To maintain this programming discipline in other cases, you'll need to introduce fresh variable names, using fresh_id or fresh_ids, binding these vars to intermediate results.

Other Requirements

Your implementation of instrs_of_exp must additionally ensure that

the same identifier is never assigned twice (SSA).
To enforce this property, you may find yourself generating fresh variables at a number of points. Think hard, in particular, about ELet. (The new function subst_var described in exp.mli may come in handy while implementing this case.)
type information is properly preserved in the instructions you generate.
Pay attention to the compilation of type information, which will be used in a later stage of the compiler. In particular, make sure that you're correctly compiling types through from decorated expressions to generated instructions (the types themselves are not compiled, but should be properly labeled in each iid and iexp that appears in your generated code). Read ssa.mli for pointers on how the types correspond across the two languages.

Hints

As in many languages, the Grumpy operators && and || have short-circuit behavior (as explained in the Grumpy spec). Think about how to compile these operators (perhaps by desugaring to other existing expressions) in order to get the right semantics.
The RTL interpreter expects that phi nodes
```
      IPhi(phi_lbl, res, (x,l1), (y,l2)
```
are entered via either label l1 or label l2, with no intervening labels. You may need to think a bit about this when implementing case EIf, the only case of instrs_of_exp in which phi nodes need appear...

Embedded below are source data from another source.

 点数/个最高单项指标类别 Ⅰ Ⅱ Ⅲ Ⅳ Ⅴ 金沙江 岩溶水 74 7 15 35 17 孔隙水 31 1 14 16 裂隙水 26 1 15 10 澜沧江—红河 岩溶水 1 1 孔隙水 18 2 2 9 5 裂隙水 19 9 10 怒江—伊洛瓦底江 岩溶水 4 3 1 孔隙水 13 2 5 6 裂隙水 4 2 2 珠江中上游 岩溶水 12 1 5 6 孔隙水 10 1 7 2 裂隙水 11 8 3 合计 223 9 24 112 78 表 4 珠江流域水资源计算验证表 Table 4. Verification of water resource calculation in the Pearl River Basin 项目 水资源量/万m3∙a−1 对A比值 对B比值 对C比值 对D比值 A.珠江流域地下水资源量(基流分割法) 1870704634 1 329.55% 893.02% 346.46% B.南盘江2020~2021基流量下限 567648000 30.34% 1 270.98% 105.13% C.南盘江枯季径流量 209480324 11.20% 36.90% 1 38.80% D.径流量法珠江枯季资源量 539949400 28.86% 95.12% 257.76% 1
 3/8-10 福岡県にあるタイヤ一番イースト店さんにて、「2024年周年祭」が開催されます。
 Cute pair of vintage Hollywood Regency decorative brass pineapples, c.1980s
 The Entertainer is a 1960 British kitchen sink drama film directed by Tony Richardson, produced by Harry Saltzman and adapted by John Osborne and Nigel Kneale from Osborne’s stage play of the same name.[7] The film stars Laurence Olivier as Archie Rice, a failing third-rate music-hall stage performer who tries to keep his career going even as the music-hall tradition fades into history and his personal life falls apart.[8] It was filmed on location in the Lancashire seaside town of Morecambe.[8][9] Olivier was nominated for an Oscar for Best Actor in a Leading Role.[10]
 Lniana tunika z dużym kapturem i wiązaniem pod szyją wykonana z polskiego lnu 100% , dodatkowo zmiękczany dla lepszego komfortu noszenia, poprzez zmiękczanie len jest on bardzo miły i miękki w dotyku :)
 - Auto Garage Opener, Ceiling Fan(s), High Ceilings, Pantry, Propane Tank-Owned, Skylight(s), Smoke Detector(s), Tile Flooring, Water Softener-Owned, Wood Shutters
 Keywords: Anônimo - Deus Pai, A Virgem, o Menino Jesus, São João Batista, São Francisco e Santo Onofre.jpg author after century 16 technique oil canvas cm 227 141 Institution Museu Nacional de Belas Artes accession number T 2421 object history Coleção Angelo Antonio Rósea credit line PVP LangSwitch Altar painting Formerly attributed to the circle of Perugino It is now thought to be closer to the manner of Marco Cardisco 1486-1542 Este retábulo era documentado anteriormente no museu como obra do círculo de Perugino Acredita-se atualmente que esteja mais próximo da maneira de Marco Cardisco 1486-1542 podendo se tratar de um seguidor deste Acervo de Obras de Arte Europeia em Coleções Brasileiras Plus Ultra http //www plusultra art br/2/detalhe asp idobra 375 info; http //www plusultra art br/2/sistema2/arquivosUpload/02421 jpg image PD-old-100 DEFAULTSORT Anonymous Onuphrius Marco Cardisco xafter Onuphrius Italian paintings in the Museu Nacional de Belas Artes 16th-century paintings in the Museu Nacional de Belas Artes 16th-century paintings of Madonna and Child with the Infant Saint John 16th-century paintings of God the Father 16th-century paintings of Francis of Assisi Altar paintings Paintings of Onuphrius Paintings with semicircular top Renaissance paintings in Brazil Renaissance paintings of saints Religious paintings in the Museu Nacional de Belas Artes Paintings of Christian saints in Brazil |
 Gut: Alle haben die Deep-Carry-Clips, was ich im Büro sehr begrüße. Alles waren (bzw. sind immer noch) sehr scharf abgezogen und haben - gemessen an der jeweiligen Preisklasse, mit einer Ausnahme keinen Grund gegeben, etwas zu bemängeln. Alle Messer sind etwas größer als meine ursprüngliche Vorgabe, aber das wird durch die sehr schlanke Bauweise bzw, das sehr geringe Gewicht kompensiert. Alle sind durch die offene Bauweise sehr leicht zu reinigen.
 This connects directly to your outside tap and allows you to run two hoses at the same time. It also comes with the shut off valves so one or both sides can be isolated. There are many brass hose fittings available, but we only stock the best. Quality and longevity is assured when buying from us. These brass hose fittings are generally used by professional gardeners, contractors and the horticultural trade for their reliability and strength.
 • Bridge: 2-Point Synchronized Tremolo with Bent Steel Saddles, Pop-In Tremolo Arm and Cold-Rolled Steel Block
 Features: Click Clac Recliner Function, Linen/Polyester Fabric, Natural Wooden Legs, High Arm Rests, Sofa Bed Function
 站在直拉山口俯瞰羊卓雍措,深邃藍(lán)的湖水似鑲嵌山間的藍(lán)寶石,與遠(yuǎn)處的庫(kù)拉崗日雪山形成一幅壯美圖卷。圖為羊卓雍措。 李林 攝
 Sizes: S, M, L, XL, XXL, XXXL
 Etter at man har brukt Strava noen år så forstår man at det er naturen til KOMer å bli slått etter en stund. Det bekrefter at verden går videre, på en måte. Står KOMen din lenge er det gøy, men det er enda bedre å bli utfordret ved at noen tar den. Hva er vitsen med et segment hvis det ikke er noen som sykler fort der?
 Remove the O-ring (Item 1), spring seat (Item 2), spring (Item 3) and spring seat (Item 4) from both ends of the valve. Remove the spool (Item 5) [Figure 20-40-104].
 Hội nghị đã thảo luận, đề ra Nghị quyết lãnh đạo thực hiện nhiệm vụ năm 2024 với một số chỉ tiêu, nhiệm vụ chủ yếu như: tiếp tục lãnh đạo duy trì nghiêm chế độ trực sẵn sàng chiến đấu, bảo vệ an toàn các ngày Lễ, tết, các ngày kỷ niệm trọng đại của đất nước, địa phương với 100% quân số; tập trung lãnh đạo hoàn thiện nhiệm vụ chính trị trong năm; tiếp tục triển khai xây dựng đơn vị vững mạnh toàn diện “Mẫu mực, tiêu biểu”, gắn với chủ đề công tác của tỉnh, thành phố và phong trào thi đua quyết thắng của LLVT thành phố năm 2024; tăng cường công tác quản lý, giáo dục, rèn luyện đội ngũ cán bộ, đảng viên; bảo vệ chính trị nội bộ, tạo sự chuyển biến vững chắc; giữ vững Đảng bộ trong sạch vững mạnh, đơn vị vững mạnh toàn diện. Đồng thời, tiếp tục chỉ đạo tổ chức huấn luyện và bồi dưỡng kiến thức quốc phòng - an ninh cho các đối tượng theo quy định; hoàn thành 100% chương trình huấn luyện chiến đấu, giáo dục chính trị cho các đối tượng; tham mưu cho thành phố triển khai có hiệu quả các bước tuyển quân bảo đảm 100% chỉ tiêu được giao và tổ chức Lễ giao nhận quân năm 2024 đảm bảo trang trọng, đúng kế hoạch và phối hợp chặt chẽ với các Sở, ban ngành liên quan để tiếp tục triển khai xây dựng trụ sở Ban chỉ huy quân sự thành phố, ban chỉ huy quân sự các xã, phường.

3. Describe Your Implementation

1) In a detailed paragraph, describe any difficulties you encountered while completing this assignment, along with how you resolved them (or not :-)).

2) Give an English explanation of the purpose of each line of your implementations of the EIf and EWhile cases of instrs_of_exp.

Do both 1) and 2) in a comment at the top of your ssa.ml.

For 2), you can use a format like:
EIf:
line 1: ... English explanation of line 1 of EIf implementation
line 2: ... English explanation of line 2 of EIf implementation
...
EWhile:
line 1: ... English explanation of line 1 of EWhile implementation
line 2: ... English explanation of line 2 of EWhile implementation
...

4. Submit

Submit your ssa.ml on or before the due date, via Blackboard.

5. Piazza

Finally: if any of these instructions are unclear, ask for clarification early and often on Piazza!